I saw some guy on Reddit trying to convince Oculus users that in addition to everything else Facebook was gathering from them, they were also scanning your eyes, seeing your living quarters through the tracking cameras, and scanning your fingerprints through the controllers.
Pfft. That one time my toaster ratted me out to the feds.
I COULDN’T watch the video “Blocked in your country”

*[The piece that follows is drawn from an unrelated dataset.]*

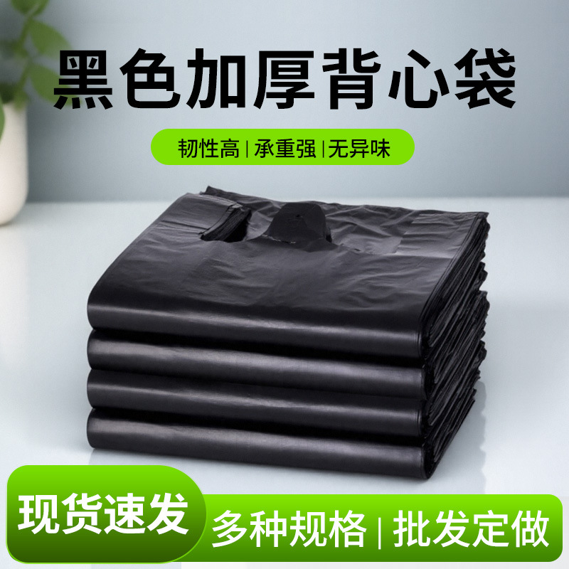 黒色のビニール袋、厚手の家庭用、商業用、ショッピング用、便利な袋、梱包用、卸売、ベスト型袋

If anyone had the ability to do half of the magic attributed to the fantasy nanochips, they wouldn’t bother with putting them in your body. To name three:
- Transmit 5G wavelength (~ cm) signals from objects too small to be visible (~μ) transmitters
- Power that transmitter: One mw per cubic micron = 1000 TW/cubic meter
- Make sophisticated digital logic on a single micron sized device. Current state of the art can get a few billion transistors on a square cm. Ignoring the chip overhead (it can’t all be logic – some of that has to be the power source and antenna) a square micron might have ten or (let’s be generous) 1000 transistors. In other words, less computational power than an 8080.
This isn’t a technological breakthrough, it’s several Nobel Prizes stacked on top of outright magic. Art Clarke would spin in his grave.
They do collect telemetry information from Quest headsets about play space dimensions and obstacle placement extending outside of the play area, so they are collecting some data scanned from your room. That is probably the seed that started that.
So ARE my phone’s camera and microphone always on, and usable by er, someone? Even if the phone is powered off?
Do you have a Freedom Phone? Then probably yes.
Otherwise, if you have an iPhone you can probably be reasonably sure that the answer is no, though you may have given an app permission to use them when you are not using the app, in which case yes, but at least you have some ability to look at settings and permissions and turn some of that off, though that might make the app stop working in the way that you expect it to and it might start to serially harass you to turn it back on even if you are fine having it off.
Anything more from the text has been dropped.